Pakistan's controversial blasphemy laws were applied for the first time on Muslim protesters who destroyed a Hindu temple in Karachi last week, reports The Express Tribune, an English language daily.
Section 295-A is the lesser known, non Islam-specific clause of the country's notorious
blasphemy law. This relates to "deliberate and malicious acts intended to outrage religious feelings of any class by insulting its religion or religious beliefs."
The Shri Krishna Bhagwan Mandir located in the Gulshan-e-Maymar area of Karachi was vandalised by a mob rallying against the anti-Islam film 'Innocence of Muslims'.

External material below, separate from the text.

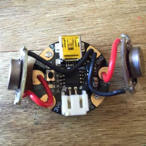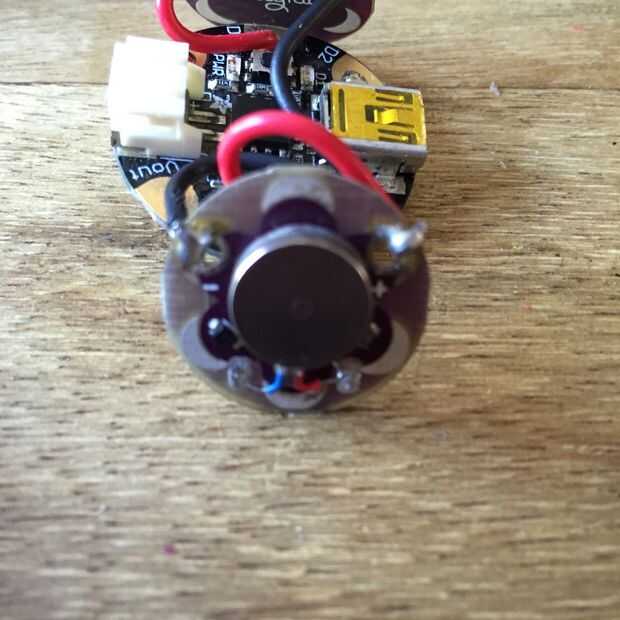 Soldar las terminales "+" del motor al pin D0 de Gemma, y la terminal "-" y GND. Hacer igual con el segundo motor pero el terminal "+" al pin D1 del gemma, y la tierra también al GND. En la figura se observa como van conectados. No dejar suficiente cable, pero exagerar, para poder luego acomodar bien los motores

The protesters also ransacked nearby houses where members of the Hindu community reside and looted jewellery and other valuables.

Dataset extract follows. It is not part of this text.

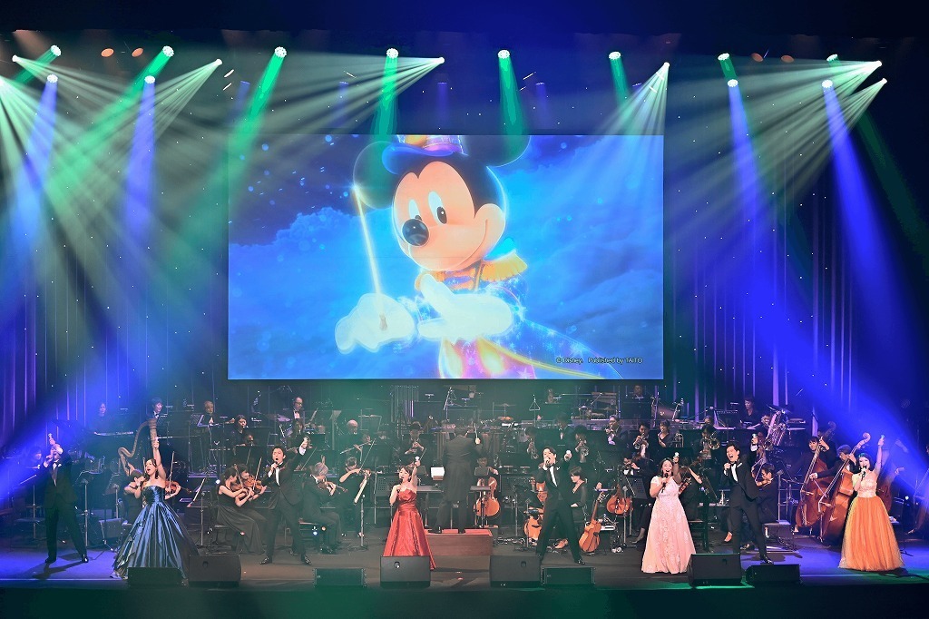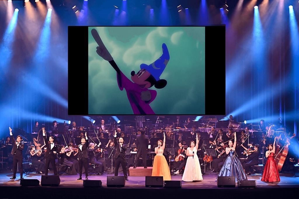 オーケストラ・ジャパンの演奏が始まると、舞台に設置された巨大スクリーンに指揮者に扮したミッキーマウスが映し出された。タクトを振ると、五線譜でできた線路の上をト音記号のマークを付けた汽車が滑り出していく。星が輝く宇宙空間を自在に駆け抜ける列車。ディズニーの魔法の世界の始まりだ。

The Express Tribune reports that police registered a case using 295-A along with other charges of looting, vandalism and theft, against the protesters. Nine people have been named in the FIR although no one has been arrested so far.

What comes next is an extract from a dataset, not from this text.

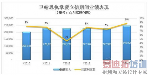 卫翰思于2010年1月1日正式就任爱立信CEO,到2016年为止共发布过6次年报,从这6份年报披露的公司财务数据来看,在卫翰思执掌爱立信的6年多时间里,其创造的业绩实在是差强人意:销售收入在6年间仅增长了20%,且始终在2000亿到2500亿瑞典克朗(约300亿美元)间徘徊,而运营利润率则一直低于10%。

While no one has been arrested so far because the accused are on the run, security has been beefed up in the Hindu locality.
The scene in the temple is one of mindless destruction. Too devastated to pick up the smashed pieces, its caretaker Maharaj Sunda cried, "I devoted my life to serve the gods, and seeing them like this makes me wish for death."
When the attack took place at 8:30 am, the Maharaj was tending to animals near the temple. Frightened screams from within the temple brought him running back.
When he entered the temple, a scene of chaos greeted him. Six statues were destroyed. An infuriated mob of 150 people, carrying rocks and sticks, had barged in chanting 'Allah hu Akbar', and took away gold adornments from the four-foot statues before smashing them to the ground.